A Rare Case of Sarcomatoid-Type Localized Pleural Mesothelioma Derived From Visceral Pleura
Takayuki Kosaka, Seshiru Nakazawa, Rikuo Ushikubo, Takashi Ibe, Ken Shirabe

TL;DR
An elderly man was diagnosed with a rare type of pleural mesothelioma that originated from the visceral pleura, not the more common parietal pleura.
Contribution
The paper reports a rare case of sarcomatoid-type mesothelioma originating from the visceral pleura.
Findings
The patient was initially misdiagnosed with pulmonary suppuration but later found to have a rare mesothelioma.

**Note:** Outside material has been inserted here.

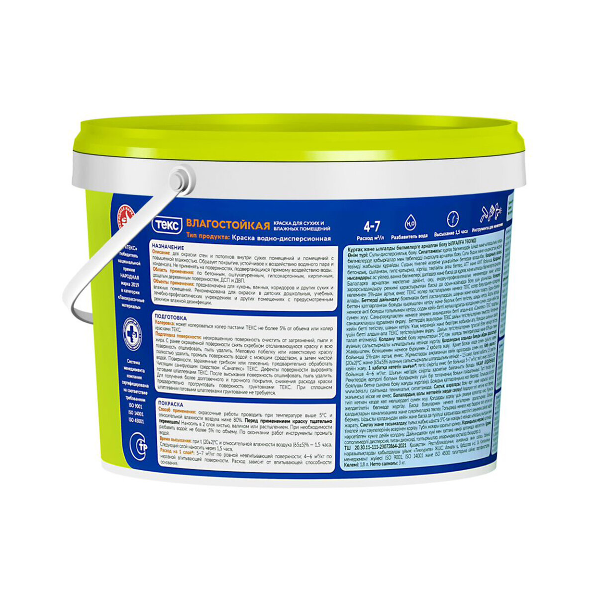 Текс Влагостойкая краска водно-дисперсионная (3кг) / текс Влагостойкая краска водоэмульсионная (3кг) класс универсал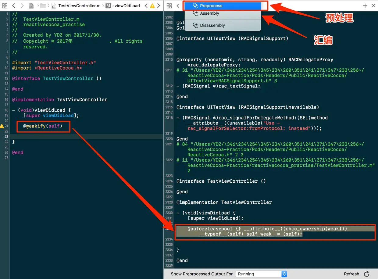 随便写一个宏,然后打开Xcode右上方的Assistant,选择“Preprocess”就可以看到该文件预处理之后的样子了。可以看到左边的@weakify(self) 被转换成了右边的两行代码了。

The tumor was identified as a sarcomatoid-type mesothelioma, which is uncommon and typically arises from the parietal pleura.
The case highlights the diagnostic challenges and atypical presentation of localized mesothelioma.
Abstract
A man in his 80s presented with shortness of breath. Chest CT scan showed pleural effusion and a mass in the right lower lobe. He had high inflammatory reaction and was diagnosed as having pulmonary suppuration with empyema. After three weeks of antibiotic treatment, the lesion grew and he was referred to our department for surgical intervention. A complete resection of the right lower lobe was planned to control infection. Intraoperative findings showed that the lower lobe became a large mass and was judged unresectable. The procedure was converted to drainage of the abscess cavity. Pathological examination, combined with clinical and radiological findings, led to the diagnosis of localized sarcoma-type malignant pleural mesothelioma. Localized malignant pleural mesothelioma is a rare disease and most cases have been reported as epithelial type, deriving from the parietal pleura. Our…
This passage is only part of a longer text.